The team suggests that in the context of real-world finances, a tiny weakness—even a 1% failure rate—could expose the system to systemic risks. They recommend that AI agents be “stress tested” before being put into practical use.
Hancheng Cao, an incoming assistant professor at Emory University, notes that the price negotiation study has limitations. “The experiments were conducted in simulated environments that may not fully capture the complexity of real-world negotiations or user behavior,” says Cao.
Pei, the researcher, says researchers and industry practitioners are experimenting with a variety of strategies to reduce these risks. These include refining the prompts given to AI agents, enabling agents to use external tools or code to make better decisions, coordinating multiple models to double-check each other’s work, and fine-tuning models on domain-specific financial data—all of which have shown promise in improving performance.
Many prominent AI shopping tools are currently limited to product recommendation.

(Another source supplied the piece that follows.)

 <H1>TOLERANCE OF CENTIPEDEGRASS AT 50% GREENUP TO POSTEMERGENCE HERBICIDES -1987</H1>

In April, for example, Amazon launched “Buy for Me,” an AI agent that helps customers find and buy products from other brands’ sites if Amazon doesn’t sell them directly.

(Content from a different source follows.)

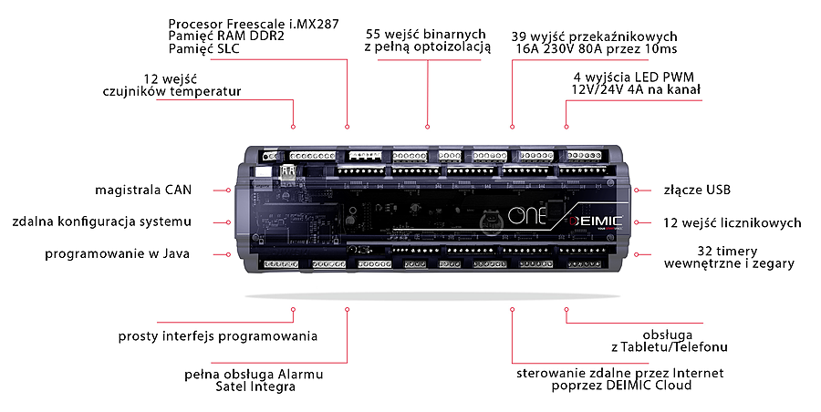System Deimic One może sterować elementami wyposażenia, automatyką budynkową oraz zarządzać instalacjami praktycznie w dowolnej przestrzeni lub obiekcie. Jednostka sterująca Deimic One Master pracuje pod kontrolą systemu operacyjnego Linux wraz z DEIMIC Core. Specyfikacja techniczna modułu centralnego wygląda następująco:

While price negotiation is rare in consumer e-commerce, it’s more common in business-to-business transactions. Alibaba.com has rolled out a sourcing assistant called Accio, built on its open-source Qwen models, that helps businesses find suppliers and research products. The company told MIT Technology Review it has no plans to automate price bargaining so far, citing high risk.
That may be a wise move. For now, Pei advises consumers to treat AI shopping assistants as helpful tools—not stand-ins for humans in decision-making.
“I don’t think we are fully ready to delegate our decisions to AI shopping agents,” he says. “So maybe just use it as an information tool, not a negotiator.”
Correction: We removed a line about agent deployment